═══ Supplied data
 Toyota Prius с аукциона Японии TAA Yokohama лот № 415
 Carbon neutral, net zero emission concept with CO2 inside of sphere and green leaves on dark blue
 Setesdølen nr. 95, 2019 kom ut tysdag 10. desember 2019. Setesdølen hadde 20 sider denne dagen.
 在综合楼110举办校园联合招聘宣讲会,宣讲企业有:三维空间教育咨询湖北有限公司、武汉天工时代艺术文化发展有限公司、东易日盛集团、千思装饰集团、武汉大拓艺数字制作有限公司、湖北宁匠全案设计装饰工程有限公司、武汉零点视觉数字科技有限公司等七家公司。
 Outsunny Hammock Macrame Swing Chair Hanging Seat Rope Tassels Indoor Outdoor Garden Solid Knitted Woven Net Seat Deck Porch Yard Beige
══════
═══ Supplied data
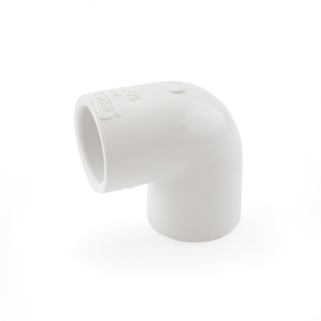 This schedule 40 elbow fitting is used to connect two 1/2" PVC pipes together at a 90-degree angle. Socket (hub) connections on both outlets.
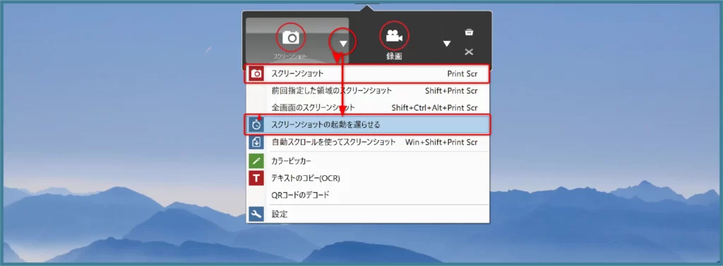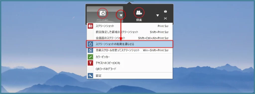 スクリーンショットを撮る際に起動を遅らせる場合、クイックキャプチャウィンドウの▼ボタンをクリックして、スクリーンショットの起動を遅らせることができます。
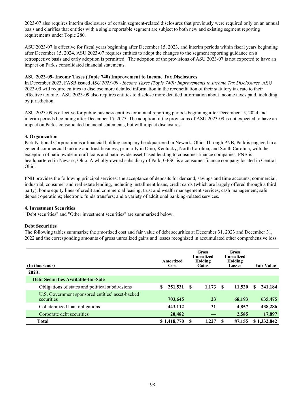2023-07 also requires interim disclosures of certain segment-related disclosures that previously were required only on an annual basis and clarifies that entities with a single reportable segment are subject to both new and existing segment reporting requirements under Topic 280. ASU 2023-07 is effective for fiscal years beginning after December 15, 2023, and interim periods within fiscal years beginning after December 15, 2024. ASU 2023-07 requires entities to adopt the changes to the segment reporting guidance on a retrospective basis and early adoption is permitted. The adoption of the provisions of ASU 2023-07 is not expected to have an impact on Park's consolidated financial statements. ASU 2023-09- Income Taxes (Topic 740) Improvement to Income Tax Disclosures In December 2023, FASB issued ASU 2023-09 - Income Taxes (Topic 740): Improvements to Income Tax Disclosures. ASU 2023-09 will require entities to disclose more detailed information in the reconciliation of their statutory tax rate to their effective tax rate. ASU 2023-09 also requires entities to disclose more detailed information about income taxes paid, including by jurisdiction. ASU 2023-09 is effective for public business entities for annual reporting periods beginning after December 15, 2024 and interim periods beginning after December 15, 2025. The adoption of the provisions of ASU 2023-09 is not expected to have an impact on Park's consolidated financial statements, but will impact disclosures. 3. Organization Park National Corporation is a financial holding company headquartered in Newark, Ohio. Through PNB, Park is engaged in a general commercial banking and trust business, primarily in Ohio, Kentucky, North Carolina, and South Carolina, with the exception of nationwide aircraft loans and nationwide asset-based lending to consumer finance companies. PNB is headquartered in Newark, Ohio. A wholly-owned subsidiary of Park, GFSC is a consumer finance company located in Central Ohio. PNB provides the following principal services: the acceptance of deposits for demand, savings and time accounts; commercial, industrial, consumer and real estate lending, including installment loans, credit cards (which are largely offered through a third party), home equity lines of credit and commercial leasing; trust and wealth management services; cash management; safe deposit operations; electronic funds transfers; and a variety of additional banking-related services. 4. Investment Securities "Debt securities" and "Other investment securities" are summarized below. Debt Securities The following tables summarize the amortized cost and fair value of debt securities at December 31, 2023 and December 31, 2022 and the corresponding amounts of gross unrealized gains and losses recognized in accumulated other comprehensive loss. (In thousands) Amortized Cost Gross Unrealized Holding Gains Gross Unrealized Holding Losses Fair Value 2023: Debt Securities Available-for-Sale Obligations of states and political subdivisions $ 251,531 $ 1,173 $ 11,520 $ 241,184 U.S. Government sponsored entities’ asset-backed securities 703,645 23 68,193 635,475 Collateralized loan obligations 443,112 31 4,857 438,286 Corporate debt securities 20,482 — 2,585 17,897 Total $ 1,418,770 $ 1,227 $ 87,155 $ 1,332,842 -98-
══════
═══ Supplied data
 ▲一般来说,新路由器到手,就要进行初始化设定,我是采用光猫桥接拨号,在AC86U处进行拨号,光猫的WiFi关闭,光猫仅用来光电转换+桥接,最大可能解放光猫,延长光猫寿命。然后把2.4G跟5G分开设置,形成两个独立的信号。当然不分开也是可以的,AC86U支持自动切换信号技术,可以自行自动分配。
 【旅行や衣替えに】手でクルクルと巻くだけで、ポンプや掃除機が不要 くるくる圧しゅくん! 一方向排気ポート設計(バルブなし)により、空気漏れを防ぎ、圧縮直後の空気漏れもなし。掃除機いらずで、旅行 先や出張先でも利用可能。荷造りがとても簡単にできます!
══════
Which lines above run from the one containing "Toyota Prius с" to the one containing "在综合楼110举办校园联合招"? Give them again exactly, both ends included.

 Toyota Prius с аукциона Японии TAA Yokohama лот № 415
 Carbon neutral, net zero emission concept with CO2 inside of sphere and green leaves on dark blue
 Setesdølen nr. 95, 2019 kom ut tysdag 10. desember 2019. Setesdølen hadde 20 sider denne dagen.
 在综合楼110举办校园联合招聘宣讲会,宣讲企业有:三维空间教育咨询湖北有限公司、武汉天工时代艺术文化发展有限公司、东易日盛集团、千思装饰集团、武汉大拓艺数字制作有限公司、湖北宁匠全案设计装饰工程有限公司、武汉零点视觉数字科技有限公司等七家公司。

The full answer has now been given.